> **Supplied material**:
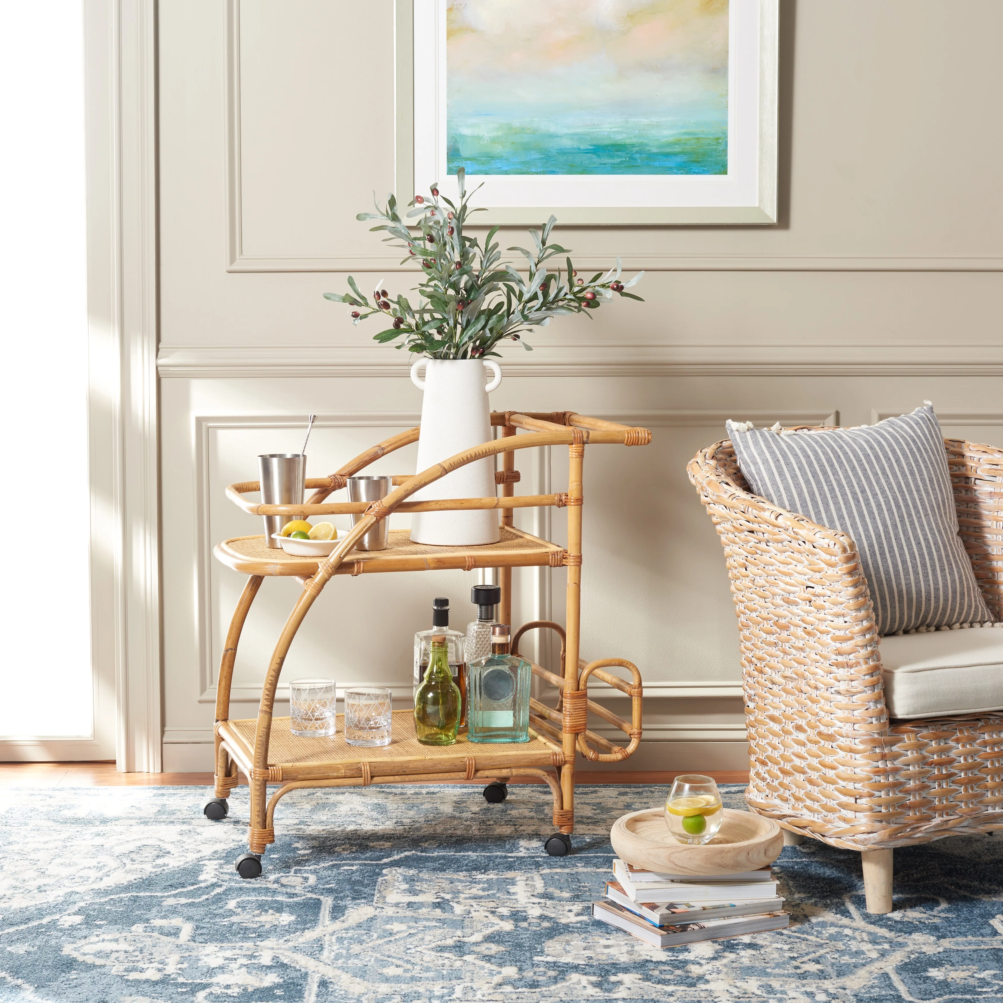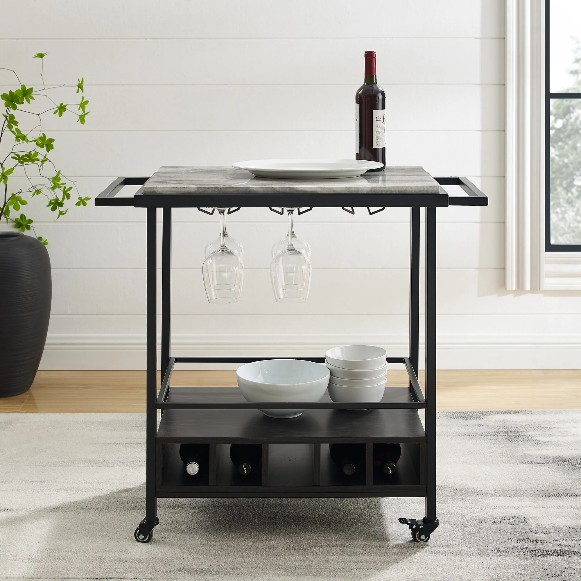 Middlebrook Faux Marble Serving Bar Cart
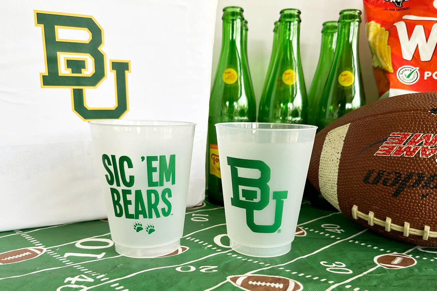 Our Baylor University frosted roadie cups show the licensed logo from Baylor University and Sic 'Em Bears on the opposite side of each cup. Printed in Baylor green ink these make a great football tailgate cup or graduation party cup.
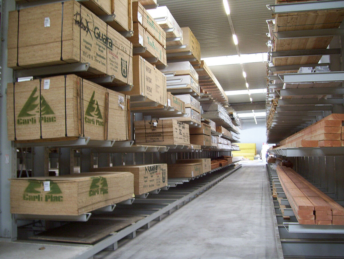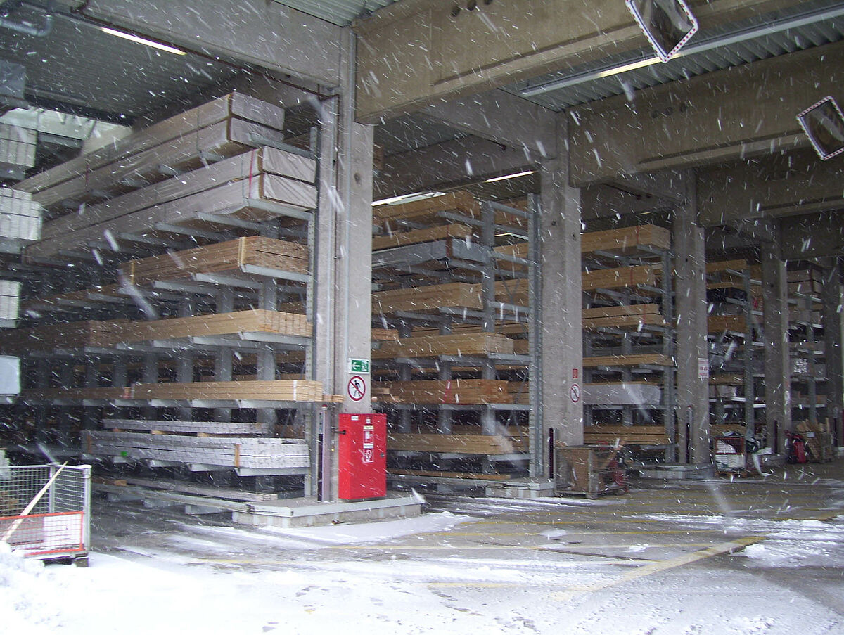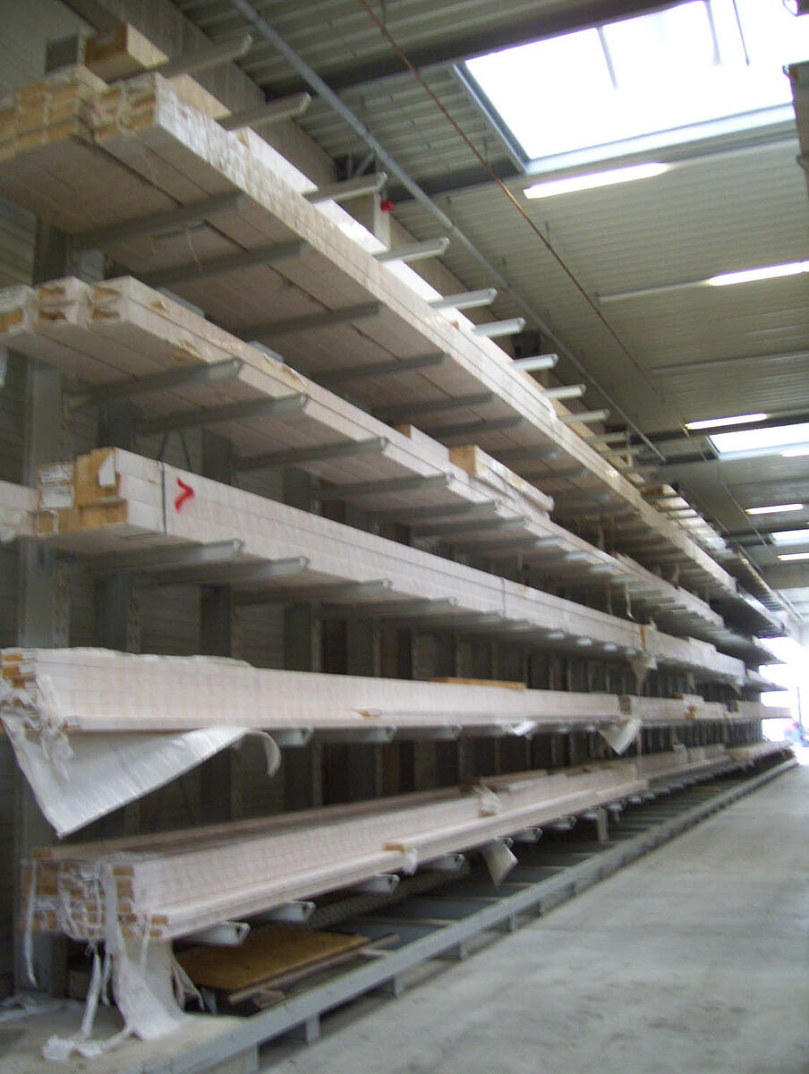 En deux semaines seulement, les experts de Kerpen montèrent alors 236 emplacements d'entreposage pour bois de construction massifs et bois stratifiés dans des rangées de rayonnages à bras portants de 40 et 50 mètres de longueur et 6,2 mètres de haut. Il se créa ainsi, au total, 2 800 mètres linéaires de niveaux de stockage pour bois en longueur. Parallèlement, 300 emplacements intégrés dans des rayonnages pour palettes et à bras portants, sur lesquels sont entreposés les matériaux en palettes et l'assortiment de base, virent le jour. L'exploitation de l'entrepôt fait appel à deux chargeurs latéraux Hubtex et à un chariot élévateur frontal Linde. Au cours des six premiers mois après la mise en service, ce ne sont pas moins de quelque 3 300 mètres cubes de bois qui changèrent de place.

> **Exercise aim**: Return the listing unchanged except for the pictures, which should be dropped.

> **Your response**:
 Middlebrook Faux Marble Serving Bar Cart
 Our Baylor University frosted roadie cups show the licensed logo from Baylor University and Sic 'Em Bears on the opposite side of each cup. Printed in Baylor green ink these make a great football tailgate cup or graduation party cup.
 En deux semaines seulement, les experts de Kerpen montèrent alors 236 emplacements d'entreposage pour bois de construction massifs et bois stratifiés dans des rangées de rayonnages à bras portants de 40 et 50 mètres de longueur et 6,2 mètres de haut. Il se créa ainsi, au total, 2 800 mètres linéaires de niveaux de stockage pour bois en longueur. Parallèlement, 300 emplacements intégrés dans des rayonnages pour palettes et à bras portants, sur lesquels sont entreposés les matériaux en palettes et l'assortiment de base, virent le jour. L'exploitation de l'entrepôt fait appel à deux chargeurs latéraux Hubtex et à un chariot élévateur frontal Linde. Au cours des six premiers mois après la mise en service, ce ne sont pas moins de quelque 3 300 mètres cubes de bois qui changèrent de place.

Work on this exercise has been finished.